As required, we'll use the pre-trained word embeddings of glove 6B.

In [8]:
#Vocabulary size is 40k, Embedding chosen size in 50
vocab, embeddings = [],[]
with open('./GloVe/glove.6B.50d.txt','rt',encoding='utf8') as fi:
    full_content = fi.read().strip().split('\n')
for i in range(len(full_content)):
    i_word = full_content[i].split(' ')[0]
    i_embeddings = [float(val) for val in full_content[i].split(' ')[1:]]
    vocab.append(i_word)
    embeddings.append(i_embeddings)
    

add padding and unknown tokens to the embeddings array:

In [9]:
# Add the padding and the unknown tokens to the vocab and embeddings arrays

vocab = np.array(vocab) 
embeddings = np.array(embeddings)
vocab = np.insert(vocab, 0, '<pad>')
vocab = np.insert(vocab, 1, '<unk>')

unk_emb = np.mean(embeddings, axis=0, keepdims=True)
pad_emb = np.zeros_like(embeddings[0]).reshape(1,-1)
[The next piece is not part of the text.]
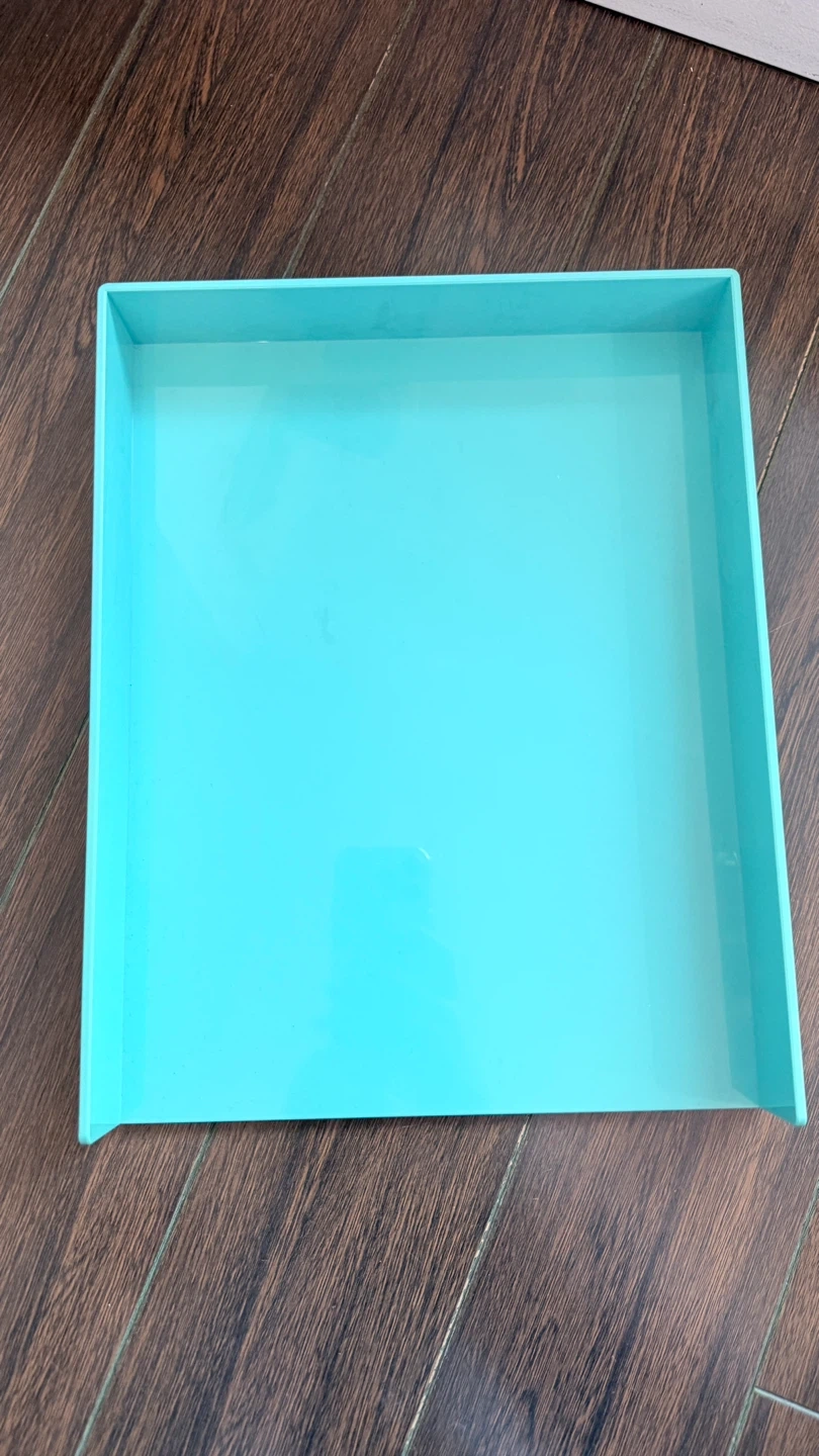 Set of two stackable desk trays. One white and one teal. Plastic material. Keep your workspace tidy! $5 each

embeddings = np.vstack((pad_emb, unk_emb, embeddings))

print(vocab[:10])

['<pad>' '<unk>' 'the' ',' '.' 'of' 'to' 'and' 'in' 'a']
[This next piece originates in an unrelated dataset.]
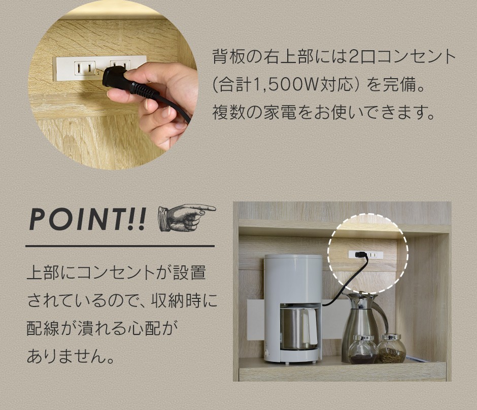 | コンセント付きでキッチン家電の使用に便利 | キッチンラック「Clean90cm【クリーン90cm】」は、便利なコンセントが付いており、キッチン家電の使用に非常に便利です。キッチンの限られたスペースでも、炊飯器や電子レンジ、トースターなどの家電を一箇所にまとめて置くことができ、配線の煩わしさも軽減します。コンセント付きのキッチンラックは、日常の家事効率を大幅に向上させるアイテムとして多くの家庭で重宝されています。また、家電が集中するスペースに電源を確保することで、家事動線をスムーズにし、料理や片付けの手間を減らすことが可能です。さらに、家電のコンパクトな配置により、キッチン全体がすっきりと整頓された印象を与え、空間を最大限に活用できます。このコンセント機能は、特に狭いキッチンでもスペースを有効に使いたい方にとっては、大変助かるポイントです。 |

## Baseline Model - Sentiment Analysis using RNN - GRU

As for the first part in our experiment


In [54]:
def train(model, optimizer, loss_fn, dl_train, dl_test, max_epochs=100,
          num_batches=400, save_path=None):
    
    best_test_acc = 0
    res = FitResult(max_epochs,[],[],[],[] )
    
    for epoch_idx in range(max_epochs):
        total_loss, num_correct = 0, 0
        num_samples = 0
        start_time = time.time()

        for batch_idx, batch in enumerate(dl_train):
            X, y = batch.text, batch.label

            # Forward pass
            _, y_pred_log_proba = model(X)

            # Backward pass
            optimizer.zero_grad()
            loss = loss_fn(y_pred_log_proba, y)
            loss.backward()

            # Weight updates
            optimizer.step()

            # Calculate accuracy
            total_loss += loss.item()
            y_pred = torch.argmax(y_pred_log_proba, dim=1)
            num_samples += y_pred.shape[0]
            num_correct += torch.sum(y_pred == y).float().item()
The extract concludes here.